- XV -

De vloten van de elfen en de trollen stootten een eindweegs van de kust op elkaar, ver ten noorden van het kasteel van de hertog, toen de avond van de volgende dag gevallen was. Toen Imric, die naast Skafloc op de voorplecht van zijn vlaggeschip stond, voor aan de wig van zijn vloot, zag hoe groot de macht van zijn tegenstanders was, zoog hij sissend en onzeker zijn adem naar binnen.
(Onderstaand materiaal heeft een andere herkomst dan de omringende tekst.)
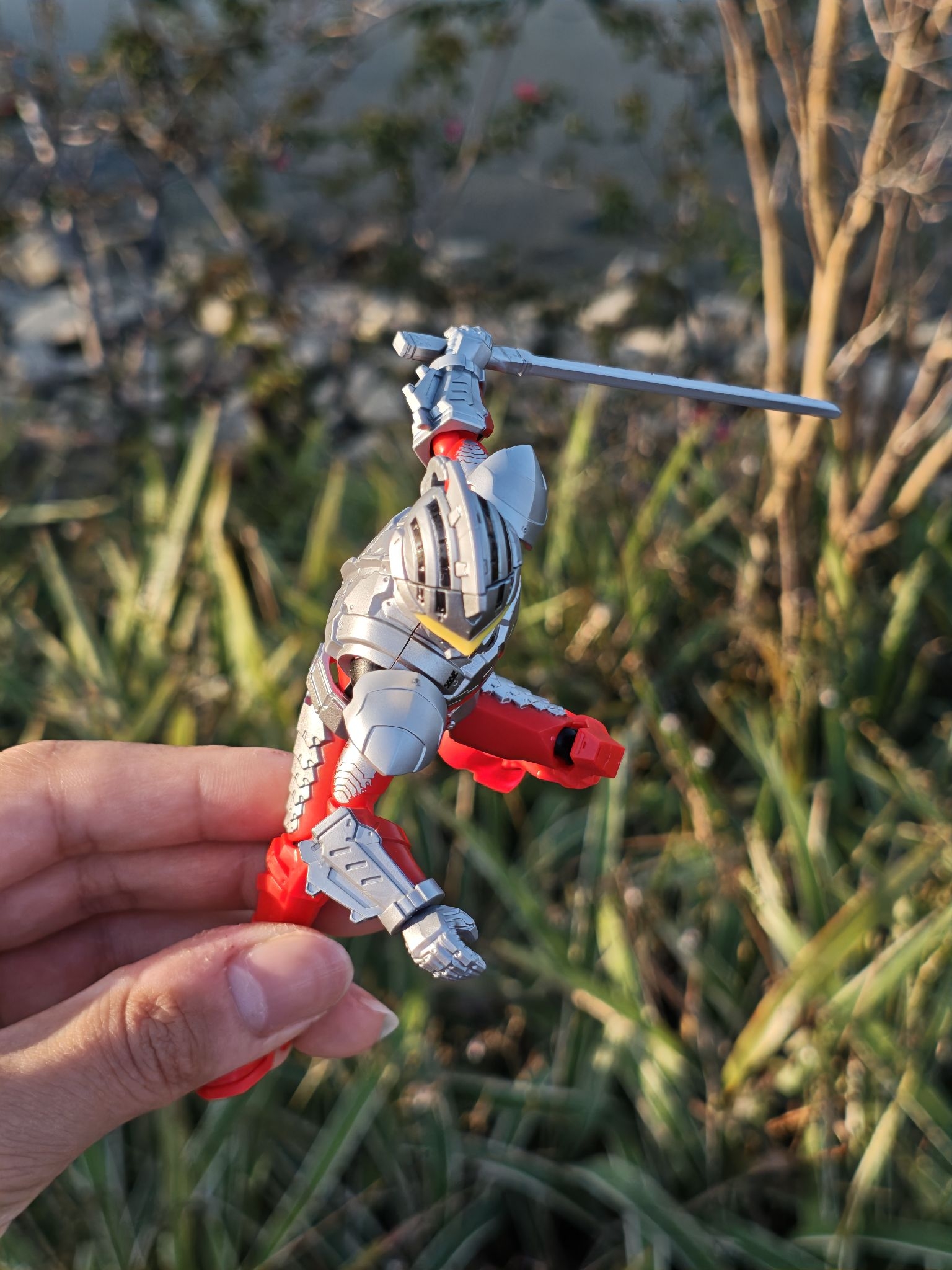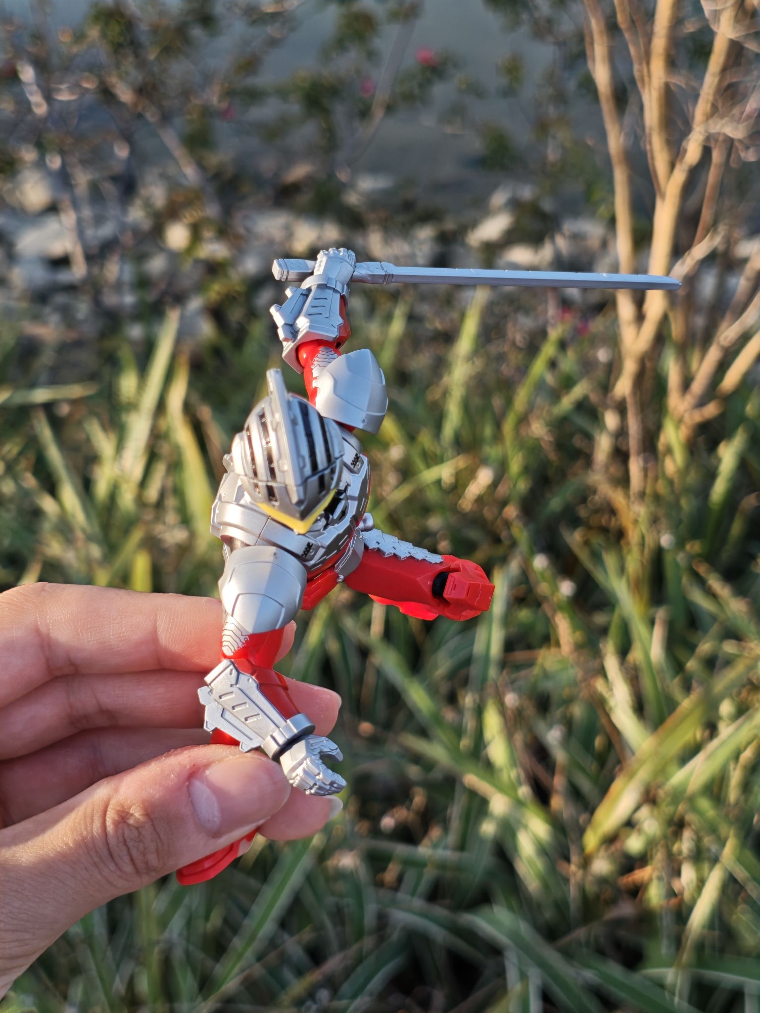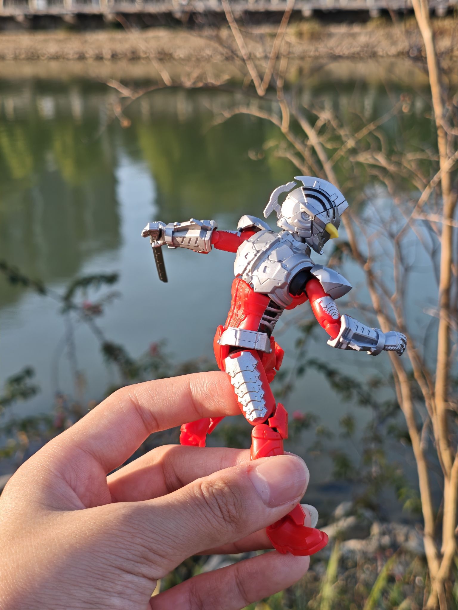 带着我的布鲁可机动赛文出来晒晒太阳🌞 湖边的风一吹,连机甲都变得温柔起来。 红银配色在春日绿意里格外亮眼。

'Wij, de Engelse elfen, bezitten de meeste oorlogsschepen van heel Alfheim,' zei hij, 'en toch hebben zij daar er meer dan twee keer zoveel. O, hadden de andere edelen maar naar me geluisterd toen ik zei dat Illrede de wapenstilstand alleen maar gebruikte om zich op een nieuwe oorlog voor te bereiden, en ze smeekte om samen met mij tegen hem op te trekken en hem voorgoed te verpletteren!'
Skafloc was enigszins op de hoogte van de rivaliteit en de ij-delheid, en ook de luiheid en het gebrek aan werkelijkheidszin waardoor er niets van een gezamenlijk optreden was gekomen. De schuld lag niet geheel en al bij de andere elfen. Maar voor dit soort gesprekken was het nu te laat. 'Het kunnen niet allemaal trollen zijn,' zei hij, 'en van aardmannen en ander uitschot verwacht ik weinig gevaar.'
'Bespot de aardmannen niet. Het zijn goede krijgers als ze de wapens hebben die ze nodig hebben.' Imrics gespannen gezicht blonk even in het duister, gevangen door een grillige manestraal. Een paar sneeuwvlokken dansten in die straal, voortgedreven door een gure wind. 'Aan magie hebben beide kampen weinig,' ging hij verder, 'omdat ze in dat opzicht ongeveer gelijkwaardig zijn. Alles zal dus afhangen van de sterkte van de legers, en daarin zijn wij de mindere.'
Hij schudde zijn zilveren lokken, terwijl zijn ogen maan-blauw schitterden. 'Bij het laatste beraad aan het hof van de Erlkoning zei ik dat Alfheim het beste zijn krachten kon bundelen, de buitenste provincies, ja, zelfs Engeland, aan de trollen afstaan, terwijl wij ons voorbereidden op een tegenaanval. Maar de andere edelen wilden er niets van weten. Nu zullen we zien wie het gelijk aan zijn kant had.'
'Zij, heer,' zei Vuurspeer boud, 'want we gaan deze zwijnen afslachten. Wat - hadden we hun de rijkdom van Elfheugh moeten geven om in rond te wentelen? Dat was een u onwaardige gedachte.' Hij greep zijn hellebaard wat steviger beet en staarde gretig voor zich uit. Ook Skafloc wilde niets liever dan strijden, al vond ook hij de overmacht groot. Maar dit zou niet de eerste keer zijn dat dappere lieden de overwinning behaalden op een machtiger vijand. Zijn hart brandde van verlangen om Valgard te ontmoeten, Freda's krankzinnige broer, die haar zoveel ellende had bezorgd, en hem het hoofd in tweeën te splijten.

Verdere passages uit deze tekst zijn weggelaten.